Please set down exactly the lines of the listing below from the line containing "K◆光源寿命40000時間(光束維持率70%)寸法・質量◆幅:□200 mm◆高:410 mm◆質量:3.8" through the line containing "這套河南友邦生產5噸純凈水制取裝置由預處理、反滲透技術及精", both lines included, leaving out all other lines.

Data for analysis:
::::::::::

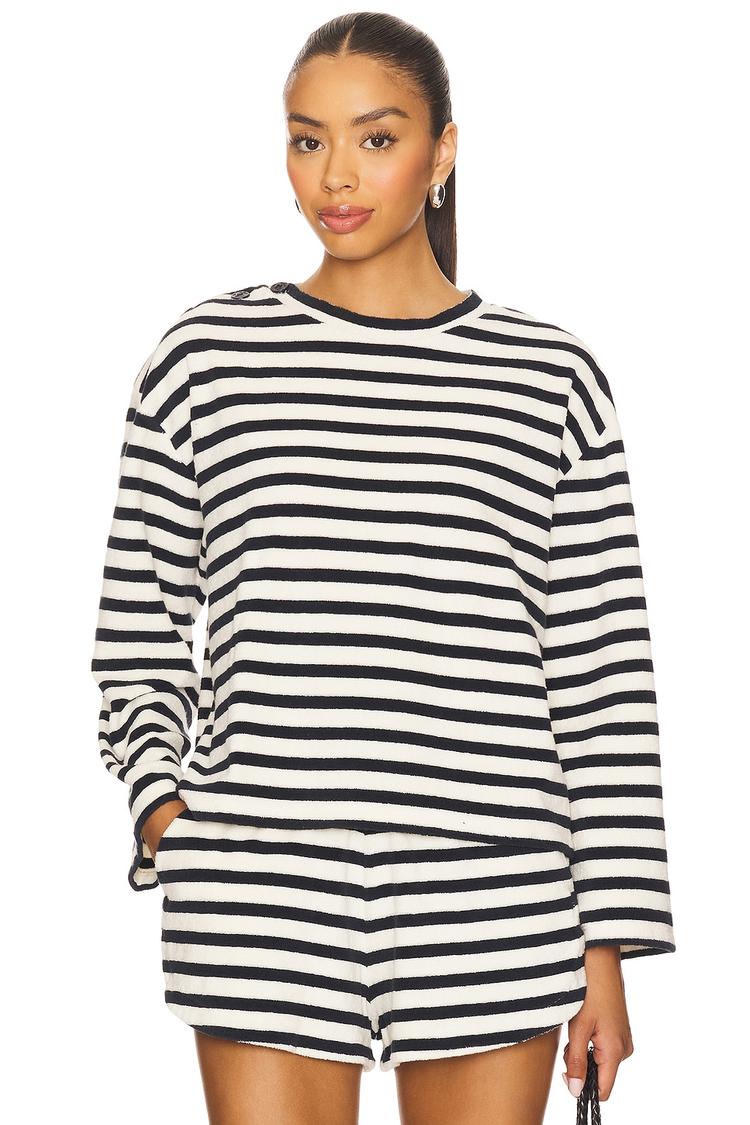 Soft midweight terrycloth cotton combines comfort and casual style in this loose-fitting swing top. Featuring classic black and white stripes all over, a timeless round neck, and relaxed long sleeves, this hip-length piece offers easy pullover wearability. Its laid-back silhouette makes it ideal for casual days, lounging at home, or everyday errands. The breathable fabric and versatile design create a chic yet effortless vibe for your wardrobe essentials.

::::::::::

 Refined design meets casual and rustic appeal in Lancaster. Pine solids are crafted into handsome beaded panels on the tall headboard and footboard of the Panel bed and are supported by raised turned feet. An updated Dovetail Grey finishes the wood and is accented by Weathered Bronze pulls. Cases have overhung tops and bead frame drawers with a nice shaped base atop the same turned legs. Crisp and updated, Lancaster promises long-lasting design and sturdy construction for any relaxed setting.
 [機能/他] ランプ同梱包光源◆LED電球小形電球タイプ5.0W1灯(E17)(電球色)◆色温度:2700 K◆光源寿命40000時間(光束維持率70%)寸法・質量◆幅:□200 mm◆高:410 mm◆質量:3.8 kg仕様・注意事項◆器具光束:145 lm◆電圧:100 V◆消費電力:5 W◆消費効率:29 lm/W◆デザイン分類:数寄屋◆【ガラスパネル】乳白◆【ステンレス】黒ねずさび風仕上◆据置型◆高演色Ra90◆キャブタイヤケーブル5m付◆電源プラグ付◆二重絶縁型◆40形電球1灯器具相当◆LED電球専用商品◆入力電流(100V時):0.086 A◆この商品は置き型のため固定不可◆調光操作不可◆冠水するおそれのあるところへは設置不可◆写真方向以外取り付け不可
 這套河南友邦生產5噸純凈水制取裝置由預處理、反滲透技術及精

::::::::::

Answer below:
 [機能/他] ランプ同梱包光源◆LED電球小形電球タイプ5.0W1灯(E17)(電球色)◆色温度:2700 K◆光源寿命40000時間(光束維持率70%)寸法・質量◆幅:□200 mm◆高:410 mm◆質量:3.8 kg仕様・注意事項◆器具光束:145 lm◆電圧:100 V◆消費電力:5 W◆消費効率:29 lm/W◆デザイン分類:数寄屋◆【ガラスパネル】乳白◆【ステンレス】黒ねずさび風仕上◆据置型◆高演色Ra90◆キャブタイヤケーブル5m付◆電源プラグ付◆二重絶縁型◆40形電球1灯器具相当◆LED電球専用商品◆入力電流(100V時):0.086 A◆この商品は置き型のため固定不可◆調光操作不可◆冠水するおそれのあるところへは設置不可◆写真方向以外取り付け不可
 這套河南友邦生產5噸純凈水制取裝置由預處理、反滲透技術及精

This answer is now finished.